Traditioning: the Game of Painting


an autobiographical visual essay

II

Stefan Arteni, Selfportrait

SOLINVICTUS PRESS 2010


The past is not dead, it's not even past.
(William Faulkner)

After the Century of the Avantgardes what can be more


outrageous and unheard-of than a space of re-Traditionalization?
Art can be reconnected with the chain of predecessors by
reclaiming and renewing archaic memory, by restoring a larger
and deeper constellation of sense beyond egolatry and egophany
and beyond dominant ideologems. There may be an alternative,
non-canonized history of twentieth century art, a history of
periphery input and dispersed diasporas, a history of the
omnipresence of present pasts playfully renegotiated by every
new work that is itself informed by what precedes it.

One may also underscore the ambivalence of the center and


periphery concepts and of the hierarchic differentiation
center/periphery. In 1971, when I chose the way of exile, the
Western art world was already under the domination of a
revolutionary marxist avant-garde. Czeslaw Milosz once
remarked: “It tells the story of how a center, by losing faith in
itself, changes through resignation into a periphery”. Rome, the
eternal city, and Paris, the capital of culture, had become
ideological peripheries of Moscow. The great interbellic painting
had been put to the index – one could not see anywhere a later
Derain or a monumental Sironi. Modernity had been constrained
by an outlook for which art has no history.
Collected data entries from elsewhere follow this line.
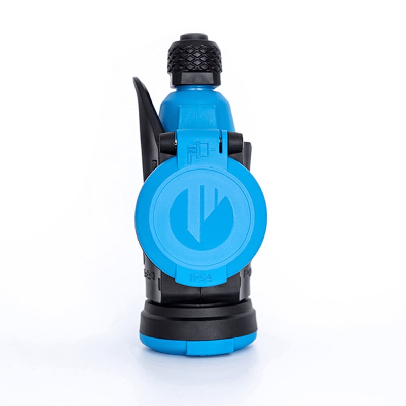 Jatkopistorasia 3-osainen jousitetuilla saranoiduilla kansilla. Kansia voidaan kääntää 360 astetta roiskesuojauksen maksimoimiseksi. Jatkopistorasian päässä on holkkitiivisteen tapainen läpivienti joka samalla toimii vedonpoistimena.
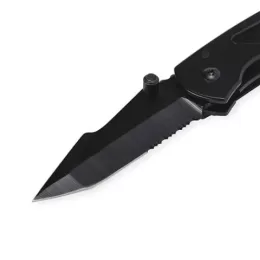 Descrição: Canivete metal 11 funções com detalhes emborrachados preto(três linhas frente e verso). Possui: lâmina de corte, serrilha, serra madeira, mini tesoura, abridor de latas, abridor de garrafa, chave phillips, lamina de remoção e limpeza, lixa, agulha de sutura e saca-rolhas. Acompanha bainha em nylon.
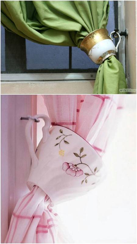 Cangkir lawas yang warnanya senada, bisa dijadikan penahan gorden.
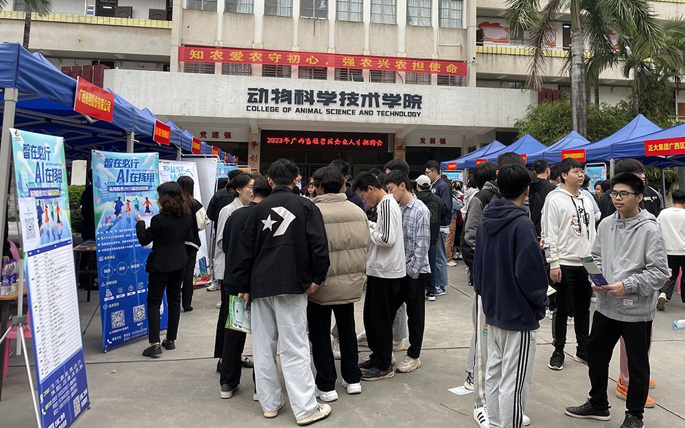 学校教师在现场了解到,此次招聘会共有正大集团、广西农垦、温氏集团、扬翔股份、力源集团、瑞鹏宠物等60余家用人单位为广西大学动科院的毕业生提供生产管理、技术服务、产品研发、市场营销等千余个就业岗位。
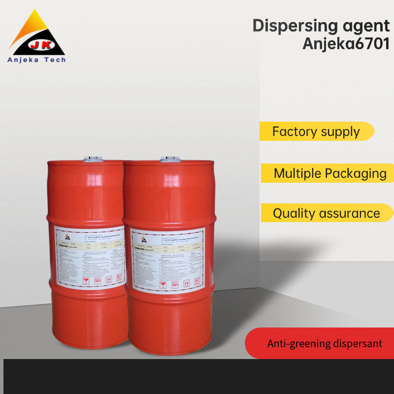 Anjeka-6701 is a copolymer solution containing acidic groups, designed for use in solvent-based coatings and ink systems. It effectively prevents the settling of inorganic fillers and the greening of PE system coatings.
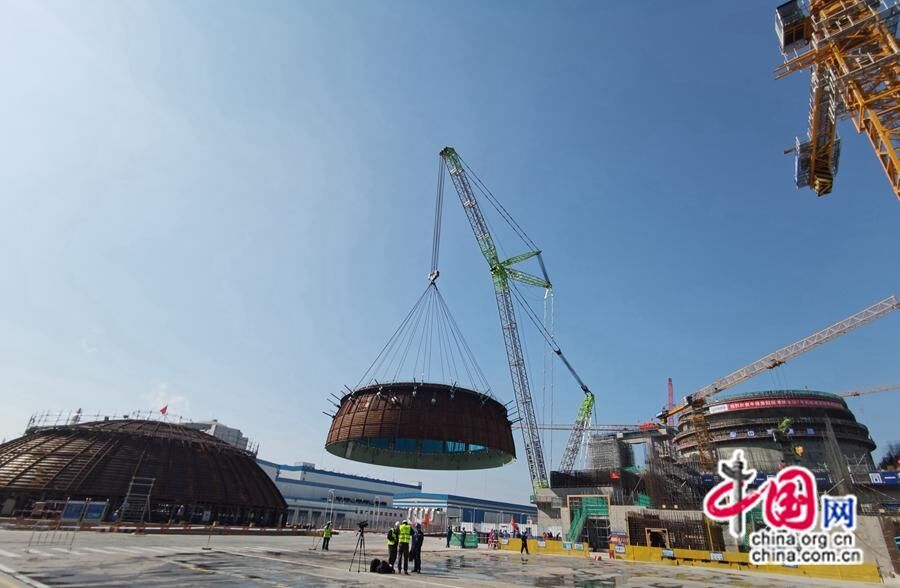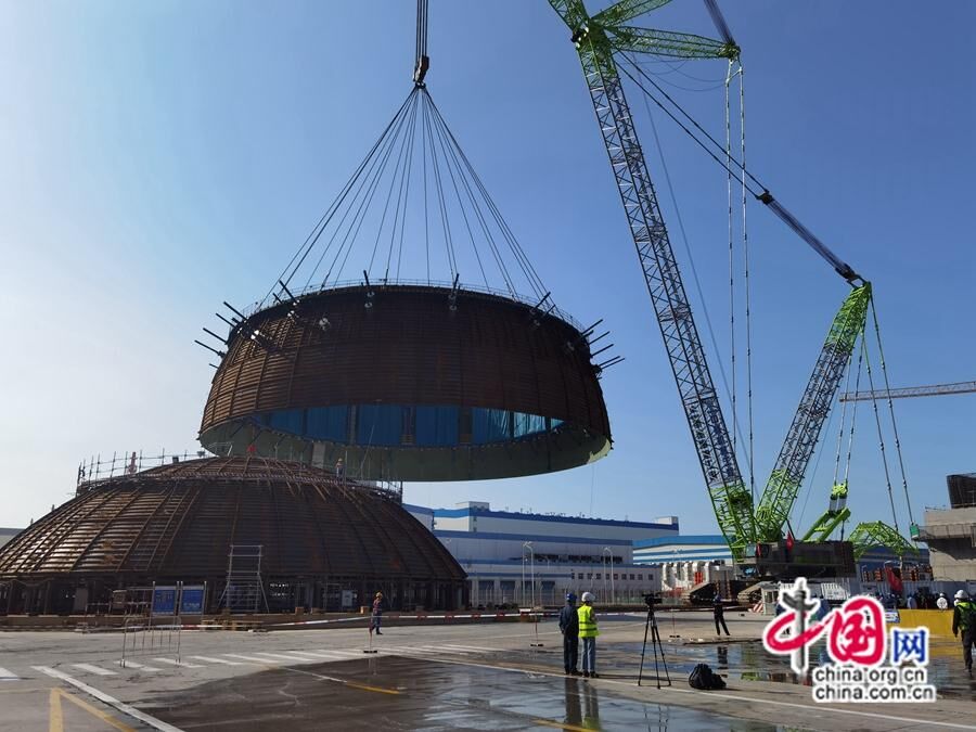 Khối lượng của thiết kế này là hơn 370 tấn. Chiều cao 12 mét. Đây là cách mái vòm tương lai của ngăn chứa bên trong lò phản ứng của tổ máy điện thứ bảy của một trong những nhà máy điện hạt nhân lớn nhất thế giới, Nhà máy điện hạt nhân Tianwan, trông như thế nào.

Fortunately, there was
the Museum Europe which, as Norbert Bolz writes,
“ liberates us from the specific modern obligation of being always
absolutely modern. It quotes the Modern ironically and thinks it
anew - as something past".
From the beginning, a translocal multi-identiy web and a recursiveness of identity
recreation, a being between and astride cultures and moving across languages and
visual contextures set side by side, imply a second-order perspective, an
experiential meta-artistic sensibility. Rooted in Southeast European, Western and
East Asian spirituality, my stylistic matrix allows room for a play and recursive
catenation of structures where painterly time and painterly space - a topology of
interlacings - may be envisioned as a polyphonic monologue. A cultural space set at
the crossroads of semiospheres is the meeting point of incongruent traditions
mediated by procedural transjunction – the Eastern-Orthodox Byzantine (painting
as prayer of the heart), the West European, the East Asian (the way of the brush
as meditation that dismisses thought and concepts). The process bears a similarity
to the spirit of the medieval practice of musical contrafacta: the artist combines
sources, models, and methods with improvisation and quasirandomness. By means
of the metaphor of polycontexturality one enters artistic 'multi-languageness' -
cultural polyglotism - a plural and dynamic heterarchy of contextures and their playful
synchronicity, diachronicity and polychronicity. Relativizing semiotics, the process
introduces the concept of keno-sign [empty sign].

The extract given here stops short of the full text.